In summary, we would like to suggest the following hypothetical scheme for auxin perception at the plasma membrane and further primary transduction (Figure 5). The sensitivity of coleoptile cells to auxin is determined by the amount of ABP1, which is postulated to vary during elongation growth. At high external Ca2+ concentration auxin induces a fast (10–20 s) elevation of the cytosolic concentration of this ion. In young cells, containing a vesicle pool, this may lead to activation of exocytosis. A further intensification of H+-ATPase activity, a shift in membrane potential and magnitude of ion transport, cell wall acidification and initiation of elongation growth is supposed to occur. The cytosolic concentration of Ca2+ decreases rapidly and, in turn, auxin may induce a shift in endocytosis activity, which is followed by redistribution of PIN proteins and further formation of a new local auxin gradient.

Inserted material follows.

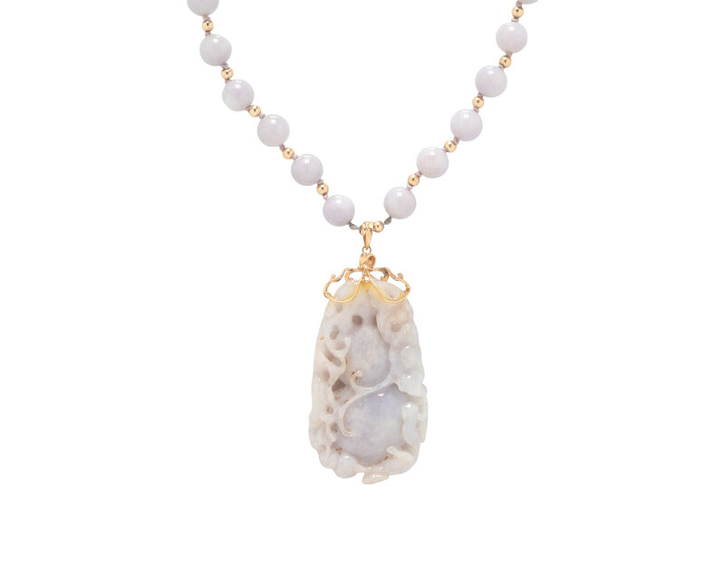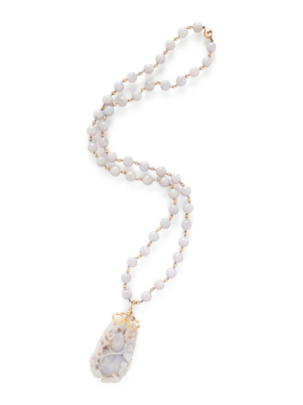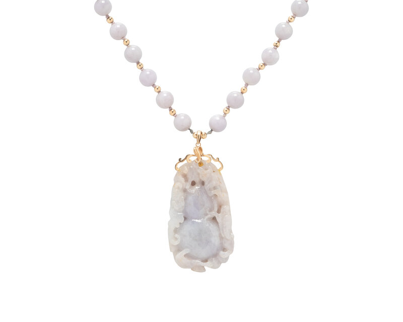 Carved lavender jade measuring approximately 63.15 x 36.60 x 10.85 mm, and string knotted lavender jade beads measuring approximately 10.25 mm. 14 karat yellow gold. 31 1/2 inches long.

|ABP1||auxin binding protein 1|
|AFB||auxin F-box protein|
|[Ca2+]cyt||concentration of Ca2+ in cytoplasm|
|SEM||standard error of the mean|
|TIR1||transport inhibitor resistant 1|
Authors particularly want to thank R. Napier for a kind supply with ABP1 samples. Financial support from Russian Foundation of Basic Research (projects 13-04-00945-a and 12-04-01029-a) and Ministry of Education and Science of Russian Federation (agreement No. 8093 from 23.07.2012, project 2012-1.2.1-12-000-1013-003) is greatly appreciated.
Anastasia A. Kirpichnikova performed the experiments, summarize a state of the art in the field and prepared a manuscript; Elena L. Rudashevskaya conducted the experiments, analyzed the data and prepared the manuscript; Vladislav V. Yemelyanov analyzed and discussed the data, prepared the manuscript, Maria F. Shishova designed the experiments, analyzed the data, prepared the manuscript and suggested the final scheme.
Conflicts of Interest
The authors declare no conflict of interest.